Jesus looks right past Nicodemus’s polite flattery and drops a spiritual bombshell: “Very truly, I tell you, no one can see the kingdom of heaven without being born from above.”
Nicodemus takes this literally and objects. He asks how an old man can possibly enter his mother’s womb a second time. He is asking a practical question because the idea of starting over from scratch is deeply threatening to him. He has worked so hard to become an adult, an expert, a finished product. To be born again means becoming an infant. It means being completely dependent on someone else. It means admitting that all his degrees, badges, and status cannot save him.
Jesus explains that this second birth is not a physical restart, but a spiritual relocation. He says the Spirit blows where it chooses, like the wind. You cannot trap it, you cannot control it, and you cannot predict it. To follow Jesus means letting go of your need to control the itinerary and learning to ride the wind of the Spirit.
This tension between trying to control our own destiny and learning to rely on God is exactly what Paul is wrestling with in his letter to the Romans.
Paul uses Abram, now called Abraham, as the ultimate example of faith. He asks a very logical question: How did Abraham get right with God? Was it because he followed a flawless checklist? Was it because he earned his way into God’s good graces?
Paul writes that if Abraham was justified by his works, he would have something to boast about. But that is not how grace works. Paul says that to one who works, wages are not reckoned as a gift but as something due.
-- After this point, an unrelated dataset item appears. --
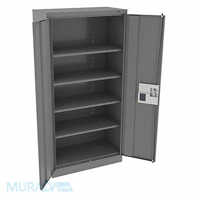 K3837 Storage Cabinet Base Type Frame Body Panel Type Solid Cabinet Color Medium Gray Cabinet Material Steel Cabinet Storage Components Shelves Door Handle Type Recessed Pull Door Type Solid Duty Rating Light Duty For Use Indoors/Outdoors No Frame Assembled Assembled Load Capacity per Shelf 200 lb Lock Type Electronic Keypad Mobility Stationary Mounting Location Freestanding Number of Shelves 4 Overall Depth 18 in Overall Height 72 in Overall Width 36 in Cabinet Finish Powder Coated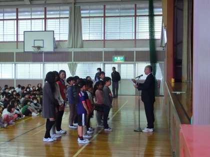 朝会 公開日 2015/11/09 更新日 2015/11/09 学校の様子 本日は朝会を行いました。いつもは外で行いますが、今日は雨天のため体育館での朝会となりました。表彰伝達、校長先生の話、連絡事項の内容です。子どもたちの司会で進みますが、いつも総務委員がしっかりやってくれます。

But to one who without works trusts him who justifies the ungodly, such faith is reckoned as righteousness.
This is a massive shift in perspective. If our relationship with God is based on wages, then we are always trapped in a cycle of anxiety. We are constantly checking our spiritual bank accounts, wondering if we have done enough, suffered enough, or prayed enough to earn our spot.
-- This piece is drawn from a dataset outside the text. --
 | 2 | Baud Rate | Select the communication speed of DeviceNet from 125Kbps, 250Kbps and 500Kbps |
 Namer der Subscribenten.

But Paul reminds us that Abraham was blessed simply because he trusted the promise. Faith is not about working harder to earn a wage. Faith is about opening your hands to receive a gift you could never possibly afford.
So, how do we find the courage to step out into the unknown like Abraham? How do we find the willingness to become vulnerable like Nicodemus?
The Psalmist gives us the exact answer in Psalm 121. It is a song sung by travelers, pilgrims walking up the dangerous, winding roads to Jerusalem. They look up at the hills, knowing that bandits and dangers could be waiting around any corner. They ask:
“I lift up my eyes to the hills; from where is my help to come? My help comes from the Lord, the maker of heaven and earth.”
The Psalm does not promise that the road will be flat, easy, or completely safe. But it promises that the one who keeps you will not slumber. The God who calls you out into the wilderness is the same God who stands beside you as your shade, protecting your going out and your coming in, from this time forth forevermore.
As we continue our journey through Lent, Jesus is standing at the threshold of our comfort zones, asking us the same question He asked Nicodemus. He is inviting us to stop trying to manage our own righteousness and to trust the radical, life-giving love of the Father.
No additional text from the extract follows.